The article, “Compelled to drink: Why some cannot stop,” considers recent findings by researchers Siciliano et al. that discovered individual differences in the activity of neurons in a frontal cortex to brain stem circuit that predicts the later escalation of alcohol drinking to compulsive intake in a mouse model.

“These researchers not only defined a new brain circuit involved in compulsive drinking, but showed individual differences at the level of electrical activity in the neurons that comprise this circuit,” Nixon said. “The individual differences in electrical activity predicted which mice would go on to drink compulsively after a binge-like drinking episode despite drinking the same amount of alcohol during that episode.”

The research group previously found that this circuit is important for responses to aversive events, and they have now asked why aversive outcomes don’t deter everyone from drinking alcohol. These new findings point to a neurological explanation for why only some mice continue to drink alcohol even when it comes with negative consequences.

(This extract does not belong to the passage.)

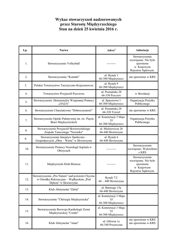 Wykaz stowarzyszeń nadzorowanych przez Starostę Międzyrzeckiego Stan na dzień 25 kwietnia 2016 r. Lp. Nazwa Adres Adnotacje 1. Stowarzyszenie Volleyball --------- Stowarzyszenie rozwiązane. Nie było ujawnione w Krajowym Rejestrze Sądowym. 2. Stowarzyszenie "Kontakt" ul. Rynek 1 66-300 Międzyrzecz nie ujawniono w KRS 3. Polskie Towarzystwo Turystyczno-Krajoznawcze ul. Rynek 9 66-300 Międzyrzecz 4. Towarzystwo Przyjaciół Pszczewa ul. Poznańska 28 66-330 Pszczew w likwidacji 5. Stowarzyszenie Abstynenckie Wzajemnej Pomocy „OAZA” ul. Spacerowa 1 66-300 Międzyrzecz Organizacja Pożytku Publicznego 6. Stowarzyszenie Charytatywne "Dobroczynność" ul. Poznańska 28 66-320 Trzciel nie ujawniono w KRS 7. Stowarzyszenie Opieki Paliatywnej im. św. Pięciu Braci Międzyrzeckich ul. Konstytucji 3 Maja 35 66-300 Międzyrzecz Organizacja Pożytku Publicznego 8. Stowarzyszenie Przyjaciół Skwierzyńskiego Zespołu Tanecznego "Nowinka" ul. Mickiewicza 26 66-440 Skwierzyna 9. Stowarzyszenie Inicjatyw Społeczno – Gospodarczych „Obra – Warta” w Skwierzynie ul. Rynek 6 66-440 Skwierzyna 10. Stowarzyszenie Pomocy Neurologii Szpitala w Obrzycach ---------- Stowarzyszenie rozwiązane. Wykreślone z KRS Stowarzyszenie rozwiązane. Nie było ujawnione w Krajowym Rejestrze Sądowym. 11. Międzyrzecki Klub Biznesu --------- 12. Stowarzyszenie „Pro Natura” nad jeziorem Chycina w Ośrodku Rekreacyjno – Wędkarskim „Pod Dębem” w Skwierzynie Rynek 7/2 66 – 440 Skwierzyna 13. Klub Abstynenta "Zdrój" ul. Batorego 15a 66-440 Skwierzyna 14. Stowarzyszenie "Chirurgia Międzyrzecka" ul. Konstytucji 3 Maja 35 66-300 Międzyrzecz 15. Stowarzyszenie Rozwoju Kardiologii Ziemi Międzyrzeckiej "Cordis" ul. Konstytucji 3 Maja 35 66-300 Międzyrzecz 16. Klub Abstynenta "Anna" ul. Główna 1a 66-340 Przytoczna nie ujawniono w KRS nie ujawniono w KRS Stowarzyszenie rozwiązane. Wykreślone z KRS 17. Stowarzyszenie Dla Ochrony i Promocji Zdrowia Psychicznego --------- 18. Towarzystwo Społeczno-Kulturalne "Obra" Policko 7/1 66-330 Pszczew nie ujawniono w KRS 19. Stowarzyszenie Agroturystyki ul. Podzamcze 2 66-300 Międzyrzecz nie ujawniono w KRS 20. Stowarzyszenie Rodziców Dzieci Niepełnosprawnych "Ocalenie" ---------- 21. Stowarzyszenie Rozwoju Ginekologii i Perinatologii ul. Konstytucji 3 Maja 35 66-300 Międzyrzecz Wykreślono z Krajowego Rejestru Sądowego. Stowarzyszenie rozwiązane. Nie było ujawnione w Krajowym Rejestrze Sądowym. 22. Międzynarodowe Centrum Integracyjne w Głębokiem ---------- 23. Lubuskie Stowarzyszenie Promocji i Rozwoju Turystyki ul. Podzamcze 2 66-300 Międzyrzecz 24. Stowarzyszenie Rozwoju Anestezjologii Reanimacji i Intensywnej Terapii Ziemi Lubuskiej "Przywróceni Życiu" ul. Konstytucji 3 maja 35 66-300 Międzyrzecz tel. 0-95 741-22-91 w. 268 25. Stowarzyszenie Fryzjerów i Kosmetyków Województwa Lubuskiego ---------- 26. Towarzystwo Miłośników Skwierzyny ul. Sportowa 1 66-440 Skwierzyna 27. Stowarzyszenie Amazonek SP ZOZ Międzyrzecz Zakład Rehabilitacji 28. Międzyrzeckie Stowarzyszenie Rozwoju Pediatrii Międzyrzeckiej ul. Konstytucji 3 Maja 35 Oddział Dziecięcy Samodzielnego Publicznego Zakładu Opieki Zdrowotnej 66-300 Międzyrzecz 29. Międzyrzeckie Stowarzyszenie "Szansa" na Rzecz Dzieci i Młodzieży Niepełnosprawnej Uzdolnionej Artystycznie ul. Staszica 9 66-300 Międzyrzecz 30. Stowarzyszenie Miłośników Trzciela ul. Poznańska 9 66-320 Trzciel Organizacja Pożytku Publicznego Stowarzyszenie rozwiązane. Nie było ujawnione w Krajowym Rejestrze Sądowym. 31. Stowarzyszenie Wzajemnej Pomocy "VIS MAIOR" ---------- 32. Stowarzyszenie Kupieckie w Międzyrzeczu ul. Prusa 1a/9 66-300 Międzyrzecz 33. Stowarzyszenie Nadobrzańskiego Klubu Płetwonurków w Skwierzynie ul. Pola Międzyrzeckie 16A nie ujawniono w KRS Organizacja Pożytku Publicznego Stowarzyszenie rozwiązane. Wykreślone z KRS nie ujawniono w KRS nie ujawniono w KRS 66-440 Skwierzyna 34. Towarzystwo Przyjaciół św. Klary z Asyżu w Międzyrzeczu ---------- W związku ze zmianą siedziby stowarzyszenia, akta przekazano do nowego Organu Sprawującego Nadzór - Prezydenta Kalisza W związku ze zmianą siedziby stowarzyszenia, akta przekazano do nowego Organu Sprawującego Nadzór - Prezydenta Gorzowa Wlkp. 35. Stowarzyszenie Osób z Uszkodzoną Wątrobą „Życie Po Przeszczepie” ---------- 36. Wolne Dobroczynne Stowarzyszenie "Dary Serca" w Międzyrzeczu ul. Poznańska 109/17b 66-300 Międzyrzecz 37. Parafia RzymskoKatolicka p.w. Św. Jana Koło Stowarzyszenia Rodzin Katolickich w parafii Chrzciciela p.w. Św. Jana Chrzciciela w Międzyrzeczu ul. Spokojna 6 66-300 Międzyrzecz 38. Gminna Grupa Międzyrzeczan ---------- Wykreślono z Krajowego Rejestru Sądowego 39. Stowarzyszenie Budowy i Działalności Ośrodka Leczniczo – Dydaktycznego „Lubuskie Centrum Rehabilitacji i Hipoterapii” w Trzcielu ---------- Wykreślono z Krajowego Rejestru Sądowego. Stowarzyszenie rozwiązane. Wykreślone z KRS 40. Stowarzyszenie Młodych Skwierzyniaków ---------- 41. Towarzystwo Miłośników Międzyrzeckiego Rejonu Umocnionego w Międzyrzeczu ul. Księdza Skargi 6 66-300 Międzyrzecz 42. Polsko-Niemieckie Stowarzyszenie Europejskiego Kształcenia Zawodowego w Bobowicku ul. Międzyrzecka 7A 66-300 Międzyrzecz 43. Zakład Doskonalenia Zawodowego w Międzyrzeczu Stowarzyszenie Oświatowe ul. Staszica 20 66-300 Międzyrzecz 44. Stowarzyszenie "NASZA WIEŚ JUTRO" Stary Dwór 52 66-304 Brójce 45. Stowarzyszenie Przyjaciół Studia Tańca "REMIX" ul. Teatralna 5 66-440 Skwierzyna Organizacja Pożytku Publicznego 46. Oddział Skwierzyńsko – Międzyrzecki Stowarzyszenia „Dzieci Wojny” w Skwierzynie ---------- Wykreślono z Krajowego Rejestru Sądowego 47. Stowarzyszenie "Zdrowie i Wypoczynek" ul. Poznańska 105b/7 66-300 Międzyrzecz 48. Stowarzyszenie "Jedność Patriotyczna" im. R. ---------- brak władz w likwidacji Stowarzyszenie rozwiązane. Wykreślone z KRS Dmowskiego 49. Stowar

“They found these differences in circuit activity before mice developed compulsive drinking behavior,” Mangieri said. “In other words, some mice had a biological predisposition that made them susceptible to developing alcohol drinking behaviors that are similar to humans with AUD.”

The researchers said the work has important implications. It has potential as a biomarker of propensity to develop severe AUD based on electrical activity. Also, the discovery of this circuit’s role in compulsive drinking suggests that there may be novel pharmacological targets that could be identified and developed for the treatment of AUDs.